[Pacemaker] server lockup failures

Fri Oct 30 10:25:28 UTC 2009

On Friday 30 October 2009, Lars Marowsky-Bree wrote:
> On 2009-10-29T09:58:13, Andrew Beekhof <andrew at beekhof.net> wrote:
> > > Heartbeat based, I still didn't have the time to look into openais.
> >
> > I guess heartbeat wasn't hung then... otherwise it would have stopped
> > sending "i'm here" packets (and dropped out of the membership list).
> 
> Both heartbeat and OpenAIS do quite try not to touch the IO layers to
> avoid being struck by IO latencies.
> 
> Probably not even crmd needs to touch the fs, so it would still send its
> DC keepalive packets and/or respond as the DC. Things like this need to
> be caught via resource agent monitoring.

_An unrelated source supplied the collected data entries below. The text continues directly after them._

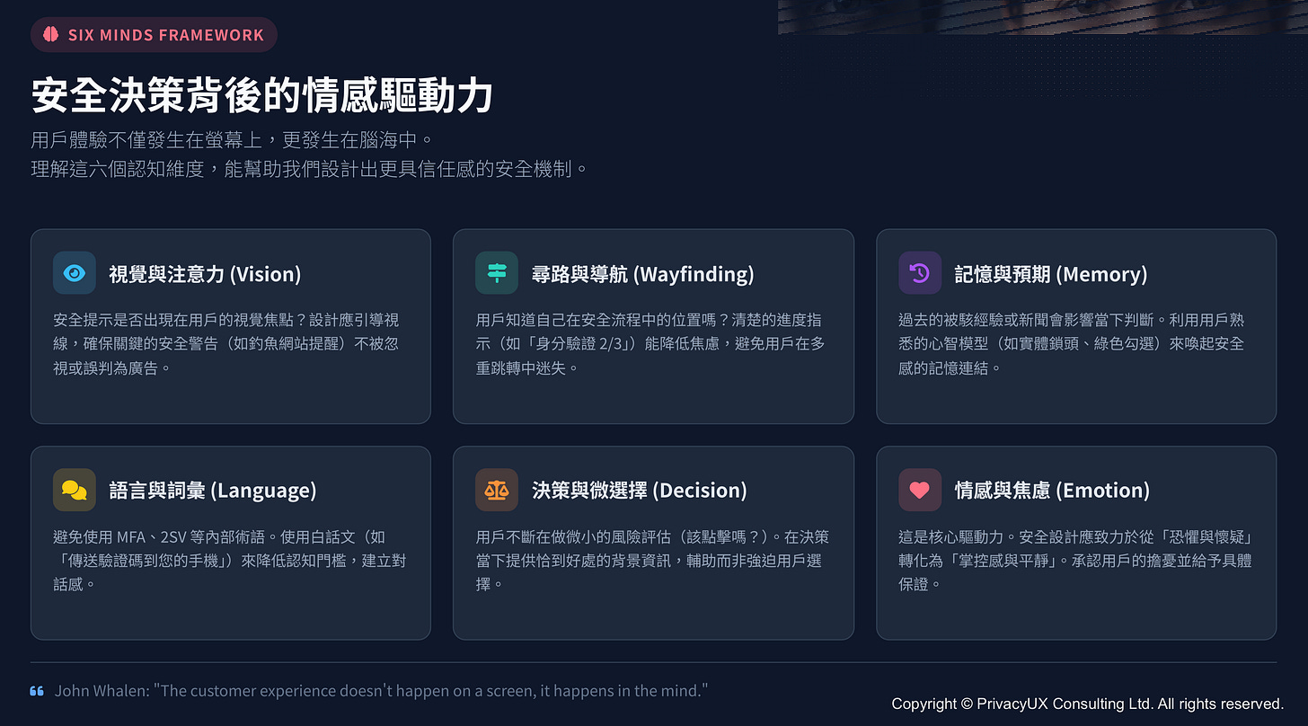 在你閱讀內文與搭配的投影片時,可以把它當成一張「地圖」:幫你標出安全在用戶旅程中的關鍵轉折點,和每個轉折點背後的心理機制。
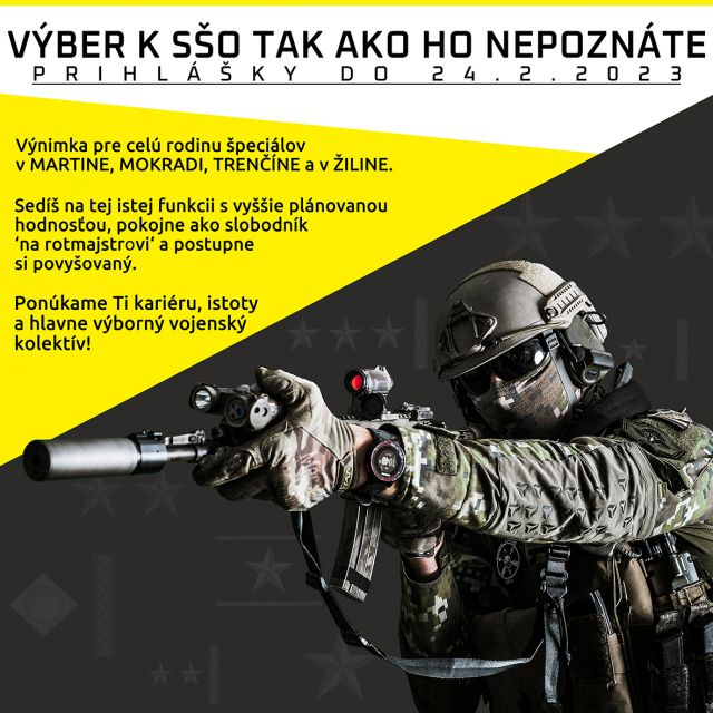 Staň sa aj Ty členom rodiny špeciálov. Ak už si profesionálny vojak a chceš slúžiť v dynamicky sa rozvíjajúcich vojenských spôsobilostiach, veľmi radi Ťa uvidíme vo výbere do útvarov v podriadenosti Síl pre špeciálne operácie a Veliteľstva SŠO. Uvítame nových spolubojovníkov!
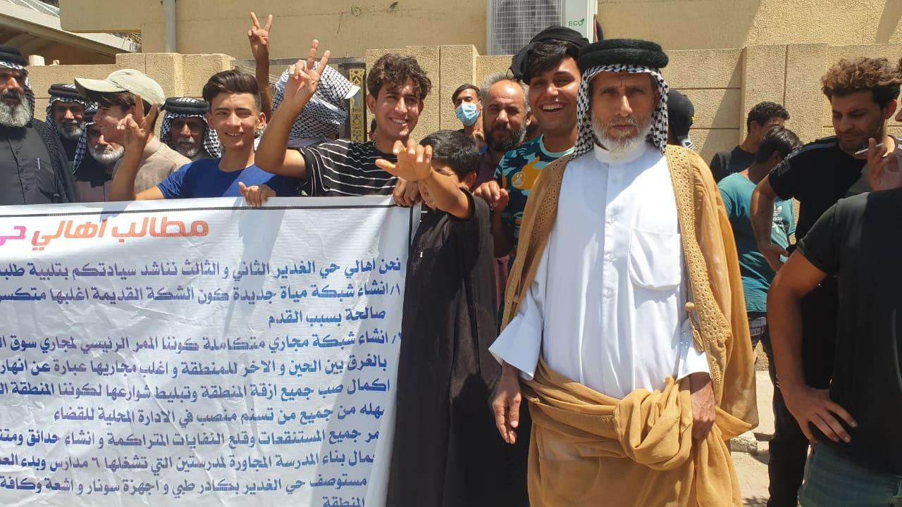 وقال مراسل (المدى)، إن "العشرات من اهالي منطقة حي الغدير في قضاء سوق الشيوخ جنوبي محافظة ذي قار خرجوا بتظاهرات غاضبة أمام مبنى بلدية القضاء".
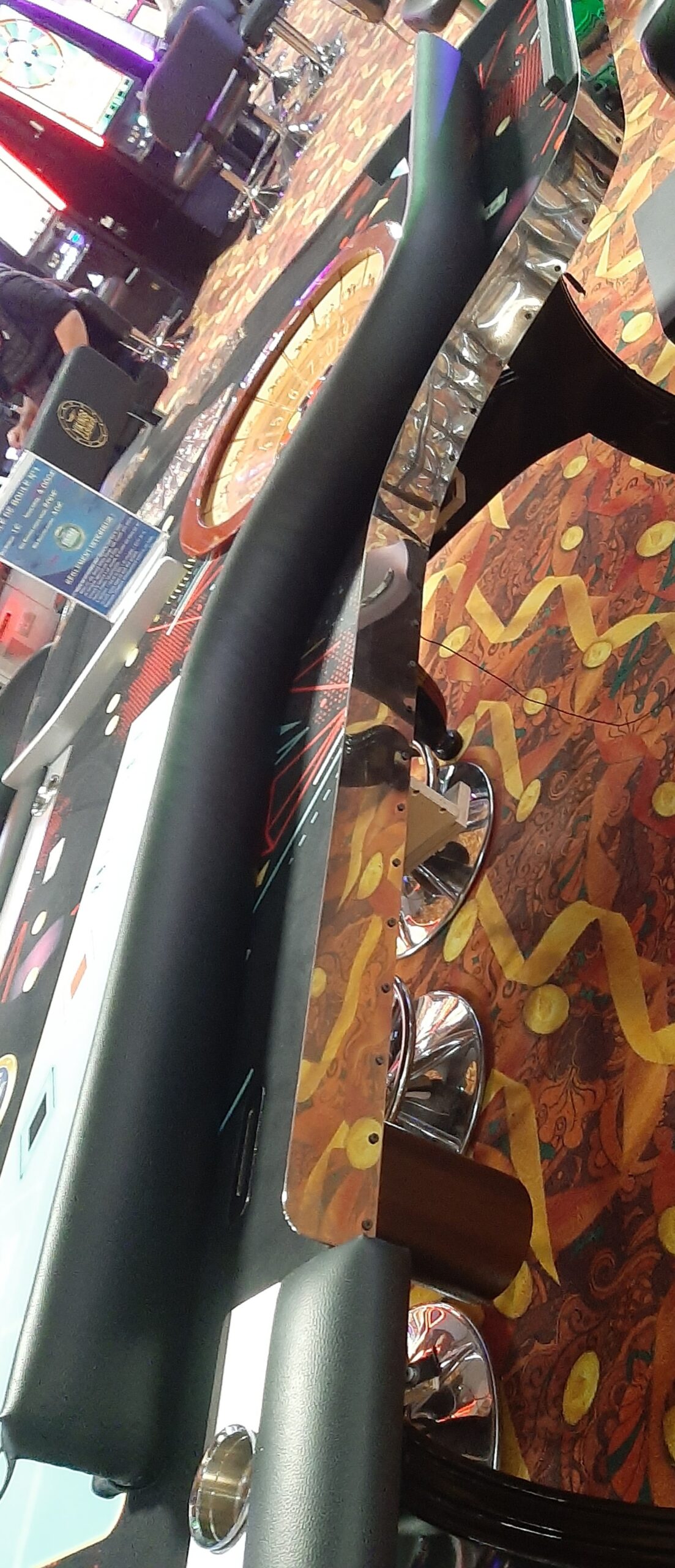 Les boudins, parties rembourrées qui entourent la table de jeux et servent à reposer les bras ou à éviter que les jetons tombent, étaient abîmés. Le simili cuir a été remplacé pour laisser peau neuve au nouveau revêtement.

I'm afraid it is not that simple. One of the resources was marked as failed in 
crm_mon output, but still pacemaker didn't do anything to migrate the 
resource. Manual attempts to stop resources also failed. Only after I invoked 
stonith myself to reboot the failed server, DC also migrate and pacemaker 
started to work again. I hope I will have some time in the afternoon to start 
to debug this.

Cheers,
Bernd